Please set down every entry again exactly as it stands, without the pictures.

[Collected data entries]
*** Begin section ***

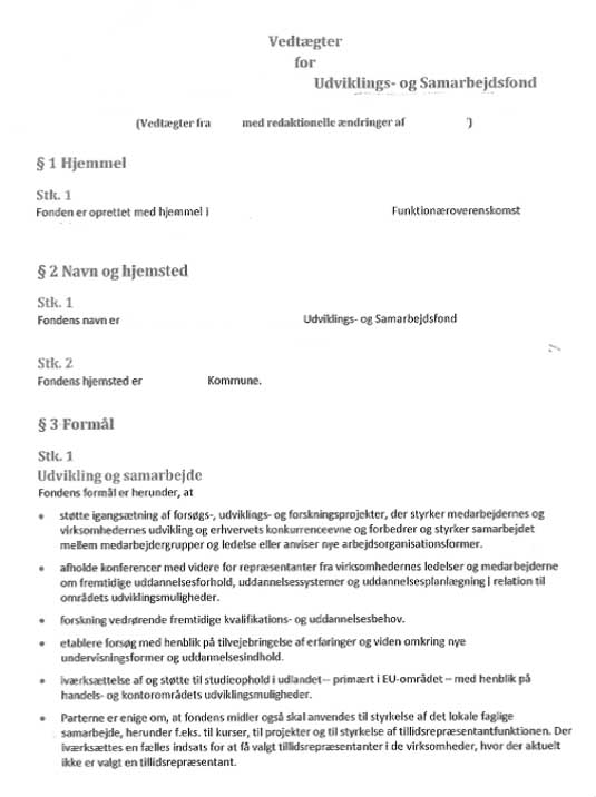 Udviklings- og samarbejdsfonden er oprettet i henhold til § 15 Funktionæroverenskomsten for XXX.
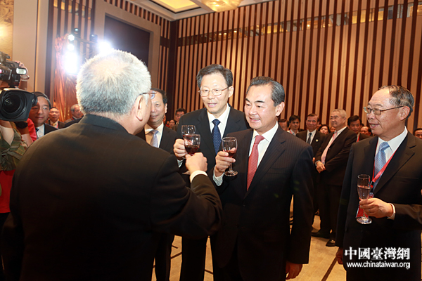 19日晚間,2012海峽兩岸企業(yè)家紫金山峰會(huì)舉行閉幕酒會(huì)。圖為中共中央臺(tái)辦、國務(wù)院臺(tái)辦主任王毅(中),江蘇省省長李學(xué)勇(左),兩岸共同市場(chǎng)基金會(huì)最高顧問錢復(fù)(右)共同舉杯。(中國臺(tái)灣網(wǎng) 王偉 攝)
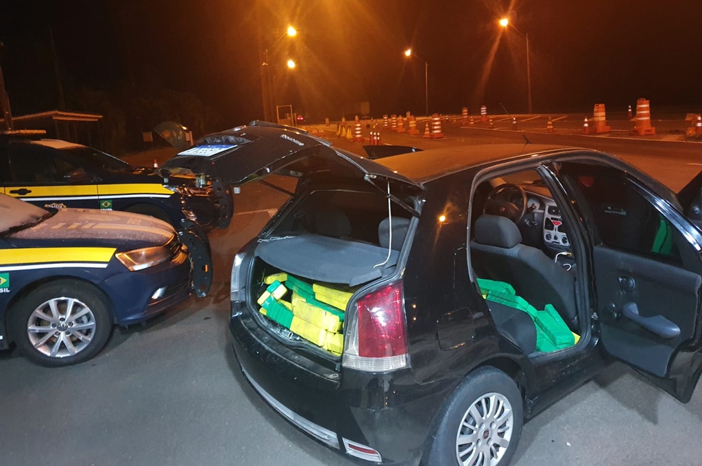 O Fiat Palio com placas de Campo Largo transportava os tabletes de maconha no porta-malas e no banco traseiro. Os dois ocupantes de 21 e 24 anos não relataram onde pegaram a maconha, nem para onde levariam.
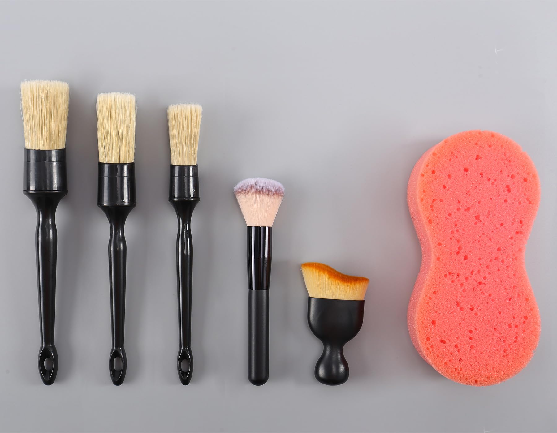 - [Multi- functional & Various Size] 6PCS car detailing kit, 1 set to meet your cleaning needs. Excellent completion of all works required for external and internal details! Safe for car, truck, SUV, RV, motorcycle, & more. This brush set can also be used for washing your kitchen, toilet, floor, yacht, etc.
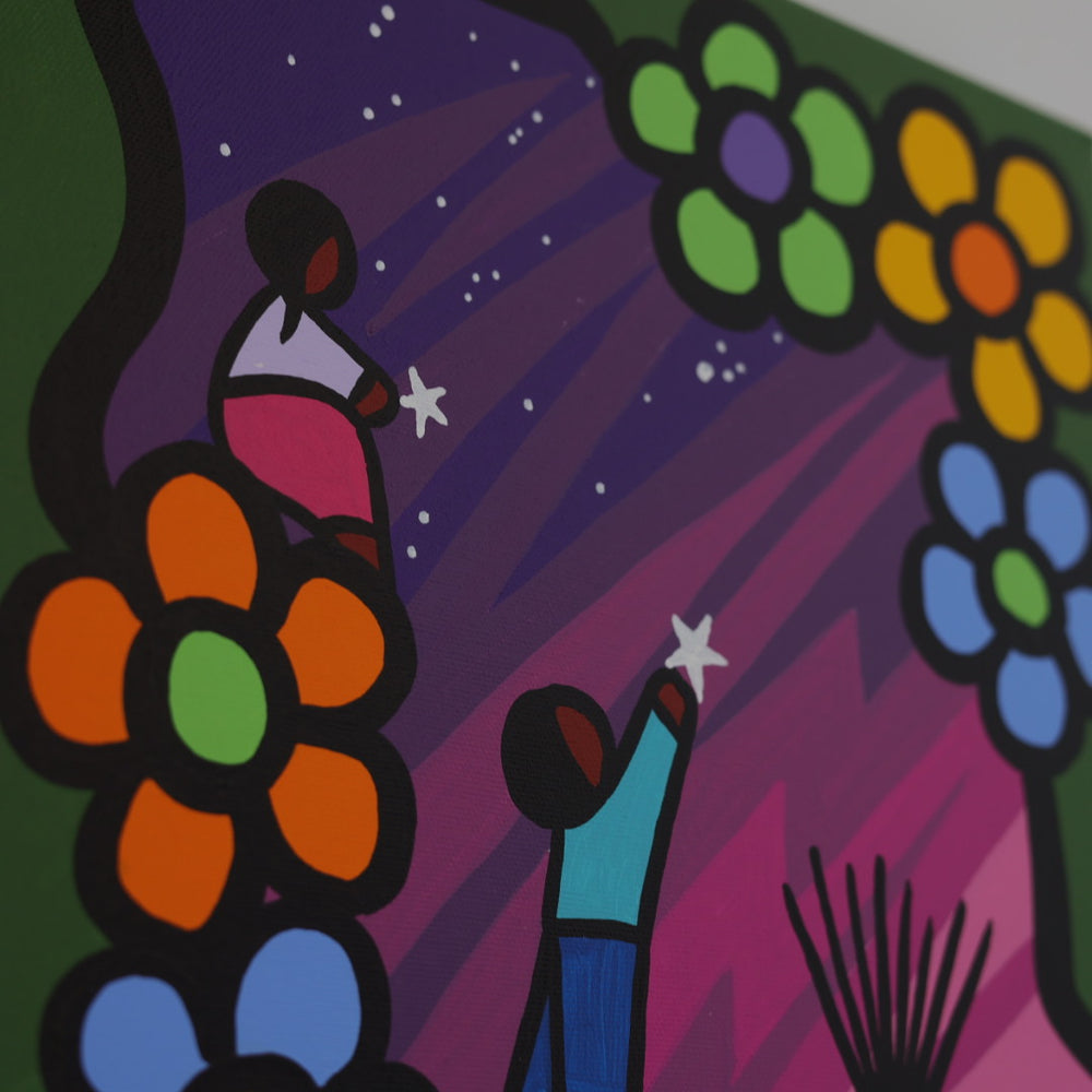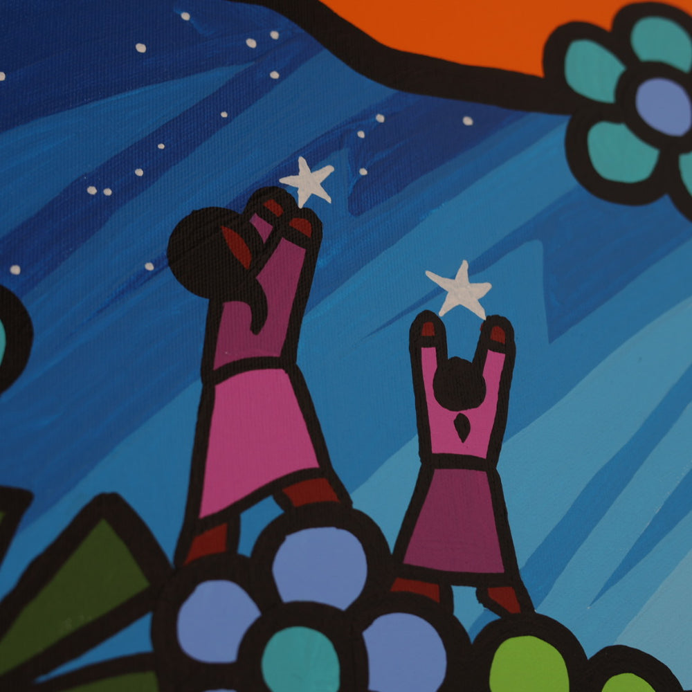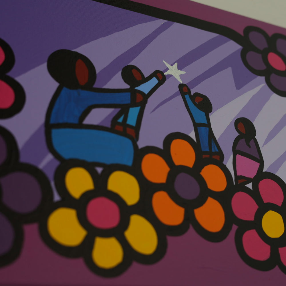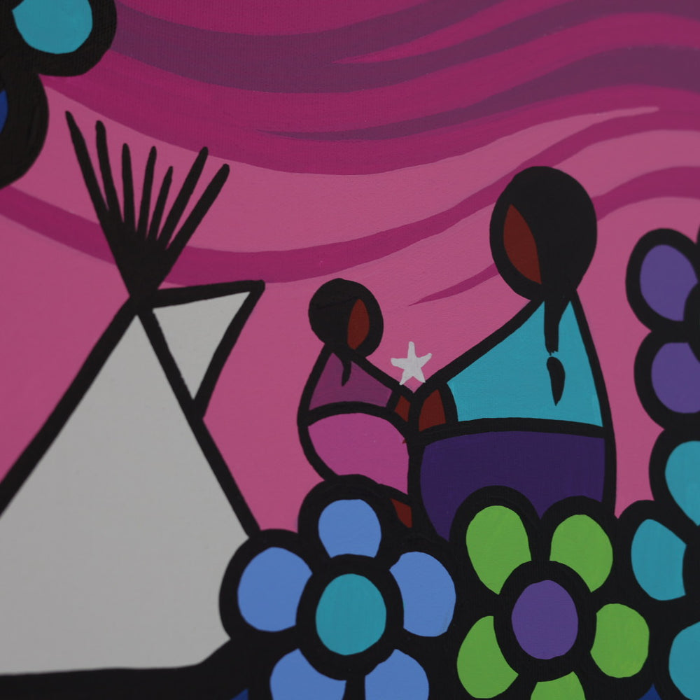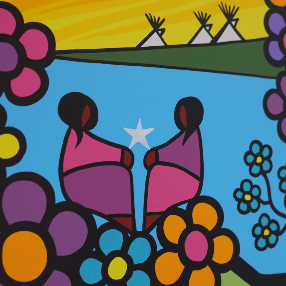 Through his style of painting, Kevin has been able to do collaborative mural projects with various schools throughout Saskatchewan. He has also participated in the Northern Saskatchewan International Children's Festival the past couple of years where he has showcased in the First Peoples Village. The success of the "floral-children" style recently captured second place in the Annual Peace Hills Art Contest for 2003.
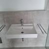 Das Bad hat eine bodentiefe Dusche mit Glastrennwand und Badewanne, WC und 2 St. eleganten Waschtischen
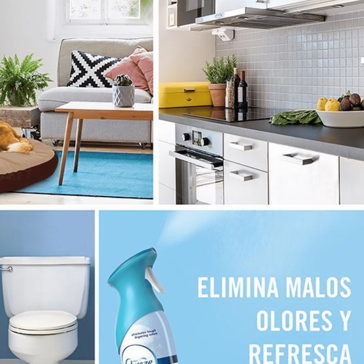 Febreze AIR no se conforma con disfrazar los olores, sino que va al origen del problema con su tecnología OdorClear. Esta avanzada tecnología actúa de manera efectiva para eliminar los malos olores, dejando en su lugar un ambiente fresco y agradable. Cada pulsación del gatillo libera una ráfaga de frescura que transforma instantáneamente tu espacio.
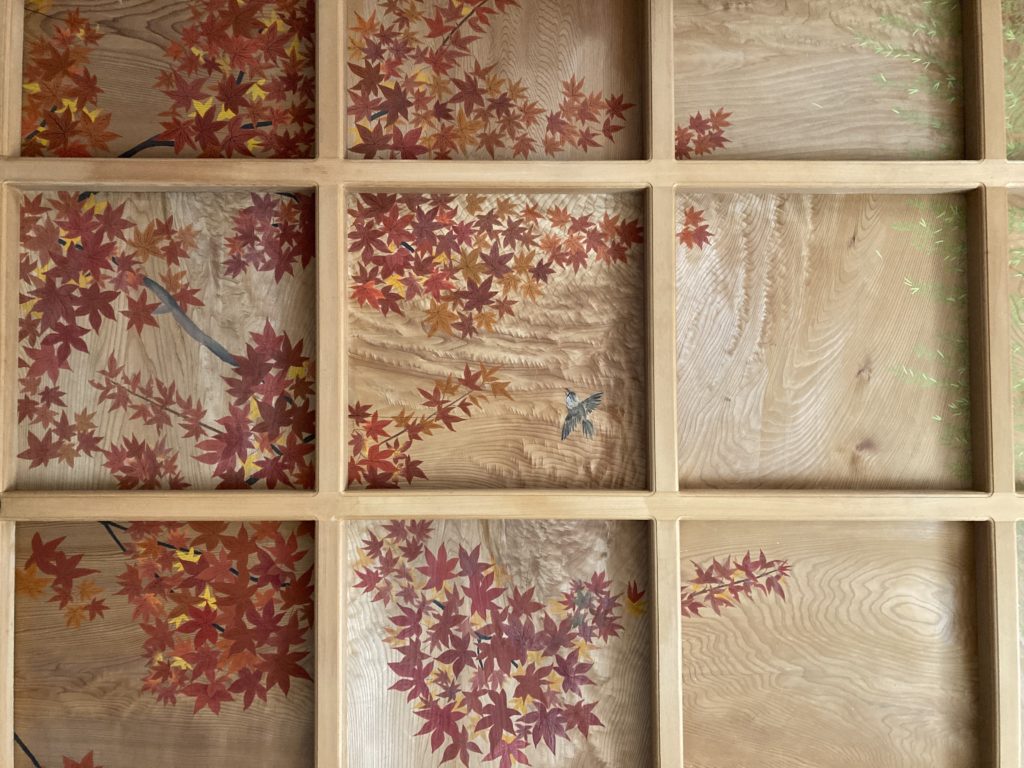 天井画も描かれており、禅寺の簡素なイメージではなく華やかな空間となっています。ちなみにフィジーの海だそうです。
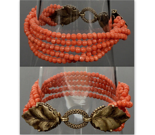 Art Deco Italian Salmon Coral Bracelet Foliage Sterling Clasp C.1920

*** End section ***

» **Answer for the task**
 Udviklings- og samarbejdsfonden er oprettet i henhold til § 15 Funktionæroverenskomsten for XXX.
 19日晚間,2012海峽兩岸企業(yè)家紫金山峰會(huì)舉行閉幕酒會(huì)。圖為中共中央臺(tái)辦、國務(wù)院臺(tái)辦主任王毅(中),江蘇省省長李學(xué)勇(左),兩岸共同市場(chǎng)基金會(huì)最高顧問錢復(fù)(右)共同舉杯。(中國臺(tái)灣網(wǎng) 王偉 攝)
 O Fiat Palio com placas de Campo Largo transportava os tabletes de maconha no porta-malas e no banco traseiro. Os dois ocupantes de 21 e 24 anos não relataram onde pegaram a maconha, nem para onde levariam.
 - [Multi- functional & Various Size] 6PCS car detailing kit, 1 set to meet your cleaning needs. Excellent completion of all works required for external and internal details! Safe for car, truck, SUV, RV, motorcycle, & more. This brush set can also be used for washing your kitchen, toilet, floor, yacht, etc.
 Through his style of painting, Kevin has been able to do collaborative mural projects with various schools throughout Saskatchewan. He has also participated in the Northern Saskatchewan International Children's Festival the past couple of years where he has showcased in the First Peoples Village. The success of the "floral-children" style recently captured second place in the Annual Peace Hills Art Contest for 2003.
 Das Bad hat eine bodentiefe Dusche mit Glastrennwand und Badewanne, WC und 2 St. eleganten Waschtischen
 Febreze AIR no se conforma con disfrazar los olores, sino que va al origen del problema con su tecnología OdorClear. Esta avanzada tecnología actúa de manera efectiva para eliminar los malos olores, dejando en su lugar un ambiente fresco y agradable. Cada pulsación del gatillo libera una ráfaga de frescura que transforma instantáneamente tu espacio.
 天井画も描かれており、禅寺の簡素なイメージではなく華やかな空間となっています。ちなみにフィジーの海だそうです。
 Art Deco Italian Salmon Coral Bracelet Foliage Sterling Clasp C.1920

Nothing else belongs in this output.